My experiences with Java have never been very impressive. Why do you think a bigger team benefits from static typing?

I've worked in ruby, python, java, and most recently, scala -- on both small and large projects. Tangled hairballs and hidden runtime exceptions can happen anywhere. I've just seen less of it with Java. I think this is partly because the compiler catches things that one would need to write tests to catch in ruby. For me the compiler is another layer of defense keeping bad code out of production.

Another advantage of statically typed OOP code for big teams is it allows a verbose yet formal way to define interfaces as a team, and then break up the work into smaller chunks. The formality can certainly slow an individual programmer down, but in a big team I've found it makes breaking up the work easier.

I wouldn't argue against the notion that ruby's expressiveness and use of functional paradigms might make up for it's lack of static typing, and ruby in the hands of a great programmer is pure pleasure, but most teams don't have just great programmers.

Finally, I absolutely love Scala and I think it's worth mentioning in any discussion of ruby and java. It, sorta, bridges the gap between the two languages and I'd recommend it as a good choice for a team of any size.

Sounds like someone isn't testing their code. "one would need to write tests to catch in ruby". You're damn right you need to write tests to catch problems in Ruby, as you should probably be doing anyways - in any language - in which case confidence gained from your test suite is almost entirely redundant to the confidence gained from successful compilation in a static language.

But if you're not testing your code, then the compiler is indeed a great dose of confidence.

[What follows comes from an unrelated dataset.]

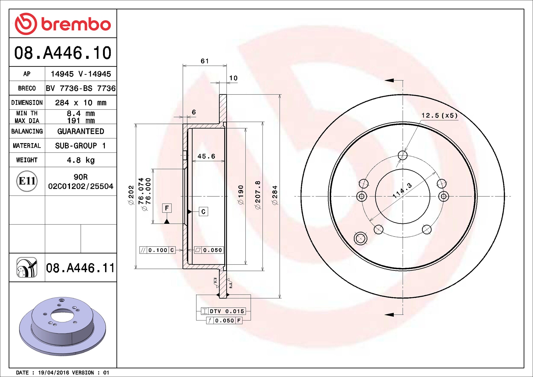 BREMBO 08.A446.11 - Brzdový kotouč

I do, though, firmly agree with this: "I wouldn't argue against the notion that ruby's expressiveness and use of functional paradigms might make up for it's lack of static typing, and ruby in the hands of a great programmer is pure pleasure, but most teams don't have just great programmers."

Ultimately things do depend quite a bit on the developer resources you have.

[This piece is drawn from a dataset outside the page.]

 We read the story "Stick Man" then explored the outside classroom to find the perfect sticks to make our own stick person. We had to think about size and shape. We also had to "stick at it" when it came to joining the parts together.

I also love Scala, but how do you do your web frontend? Using Lift? Play Framework? I'm currently developing a side project with Lift and lets say I like the Scala-part of Lift.... The web part doesn't feel nice (also I don't like the last decisions made by the Lift Team). Currently I'm looking into RoR and I like what I see.

So, what I would love to see is a Web Framework similar to RoR written in Scala ...

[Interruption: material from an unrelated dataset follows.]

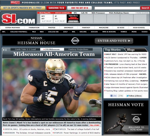 Sports Illustrated.com – Tearsheet Posted by ZUMAPRESS.com on October 18, 2012 Posted in: ZUMALAND. Leave a comment © Frank Jansky/ZUMAPRESS.com Share this: Share on Facebook (Opens in new window) Facebook Share on LinkedIn (Opens in new window) LinkedIn Share on X (Opens in new window) X Like Loading... Related Posts navigation ← PIHLA VIITALA – Urgent request “Man Controlling Trade” statue, Washington D.C →

I've heard good things about Play, but we've chosen to go with Spring MVC because we didn't need the full stack -- we have a lot of existing Java ORM-ish code and a bunch of existing JSP functionality which we wanted to re-use. JSP is actually our biggest pain point at the moment (aside from generally suckiness, it doesn't work with scala collections), so we're looking into using SSP via Scalate, but we've yet to make that move.

Aside from JSP, we're really happy w/ Spring MVC. We've managed to avoid the crazy amounts of XML that Spring is known for in favor of its more modern annotation-based way of doing things.

Because you don't end up breaking code in trivial ways, eg if you have a method that takes a string and change it to take an int it's fairly easy in a statically typed language to figure out all the places you broke the code.

Large teams should be hunted down and broken into smaller teams, it's a stupid idea to have such a large team anyway.

The biggest problems in Java are not static typing (although inferred typing is much better). They are the lack of first class constructors, functions, unsigned types, operator definition and overloading and closures. The one actual feature Java has that no one else has is ironically one that is also one of the worst things about Java: checked exceptions.

When java lets me write something like: let (|>) x y = y x is the day I'll consider using it again, btw the above code is the pipe operator which lets you do things like this.

  "Hello World!" |> puts
Ruby has a little different mentality (duck typing), for example both of the following work:

  "10".to_i #=> 10
  10.to_i   #=> 10
I can see how dynamic typing, lack of interfaces, etc. can seem to cause a bunch of confusing to someone who's used to static typing, but in my experience lack of code readability is far more troublesome.